Die Schulleitung: Stefanie Fiedler, Silvia Fladerer, Marko Best und Sebastian Pulfrich© Redaktion

Das Schuljahr war gerade mal drei Wochen alt, da gab es in der Schule am Budenberg schon Zirkus – und zwar einen, „von dem unsere Schülerinnen und Schüler noch lange zehren werden“, wie Schulleiterin Silvia Fladerer meint.

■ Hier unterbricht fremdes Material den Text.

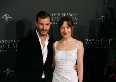 Джейми Дорнан и Дакота Джонсон на премьере фильма "На 50 оттенков темнее" в Лондоне
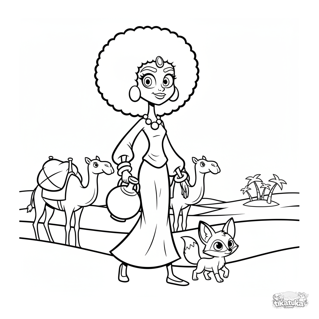 Simple coloring page for toddlers 2-3: a desert princess in silks leads camels across sand dunes towards a palm-tree oasis.

Auf einer Wiese in der Nähe des Schulgeländes schlug der Zirkus Dobbelino aus Braunschweig für eine Woche sein Zelt auf. Die gesamte Schulgemeinschaft half bei tropischen Temperaturen mit, das Zelt für rund 400 Zuschauerinnen und Zuschauer aufzubauen. „Das hat fünfeinhalb Stunden gedauert und uns buchstäblich zusammengeschweißt“, erzählt Sebastian Pulfrich, der Leiter der Grund- und Mittelstufe, augenzwinkernd.

Die Aktion kann man laut Silvia Fladerer aber auch als Sinnbild für die Schule mit dem Förderschwerpunkt Lernen sehen: „Unsere Schule lebt von vielen engagierten Kolleginnen und Kollegen, Erzieherinnen, der Sozialarbeiterin an Schulen, sowie den Eltern und vielen Kooperationspartnern. Sie alle arbeiten daran, den Kindern und Jugendlichen eine gesellschaftliche Teilhabe zu ermöglichen!“

1.000 Besucher im Zirkuszelt

Aufbau des Zirkuszelts
50 fleißige Helfer bauen das Zirkuszelt auf© Schule am Budenberg

Eine Woche lang übten die Zirkuspädagogen vom Dobbelino mit den Schülerinnen und Schülern der Jahrgangsstufen 2 bis 10 Kunststücke und Akrobatik ein. Manche Schülerin und mancher Schüler entdeckte Talente, die sonst wohl verborgen geblieben wären – sei es als Tellerdreher, Fakir oder Feuerschlucker. Lehrerinnen und Lehrer staunten aber auch über einen Jugendlichen, „der ganz wunderbar mit Zweitklässlern zusammengearbeitet hat“, berichtet Marko Best, der stellvertretende Schulleiter. „Das war toll, da hat er eine ganz andere Seite von sich zeigen können.“

Begeistert waren dann am Freitag erst recht 260 Kinder der Haigerer Grundschule und Kindergärten aus der Umgebung, die der Generalprobe beiwohnen konnten. Am Samstagnachmittag und -abend klatschten jeweils die Zuschauerinnen und Zuschauer in zwei ausverkauften Vorstellungen Beifall. Insgesamt sahen also rund 1.000 Besucherinnen und Besucher die Nachwuchsartisten – in einer Stadt mit etwa 19.000 Einwohnern.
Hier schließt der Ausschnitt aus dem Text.